Pancreatic neoplasia.  My laboratory provided the first conclusive evidence that mutant Kras expression targeted to mouse acinar cells could cause development of preneoplastic ductal lesions. Most human pancreatic cancer is ductal adenocarcinoma, and subsequent studies with mice and humans have confirmed the acinar cell as the primary source of the disease. We also have shown that acinar-derived cancer progression can involve the process of acinar-to-ductal metaplasia. A future manuscript will show that loss of tumor suppressor genes in Kras mediated preneoplastic lesions is associated with specific but dissimilar pathways of neoplastic progression for different suppressor gene deficits.
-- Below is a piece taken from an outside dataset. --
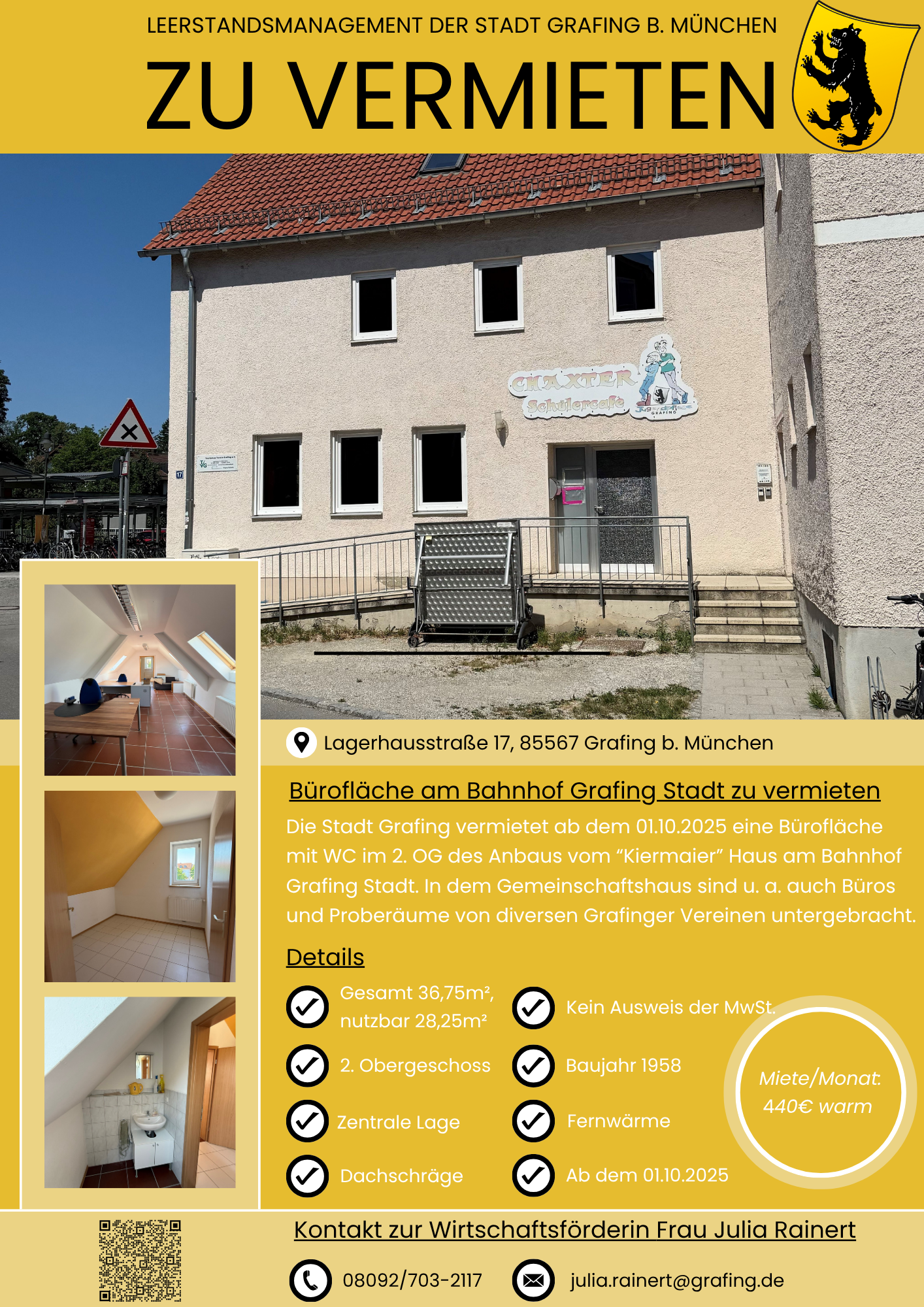 Bei Interesse an einer Anmietung kontaktieren Sie bitte direkt die Liegenschaftsverwaltung der Stadt Grafing via:

I continue to collaborate with other investigators who use these models to evaluate potential therapies for pancreatic cancer. In this role, I provide expertise in animal modeling and also supply experimental mice.

Resource sharing.  It has been my policy to share my animal models with other scientists throughout the world, including former students. Though my research program has been curtailed since 2005, these animals continue to be of great use, as evidenced by their employment in multiple high-impact publications.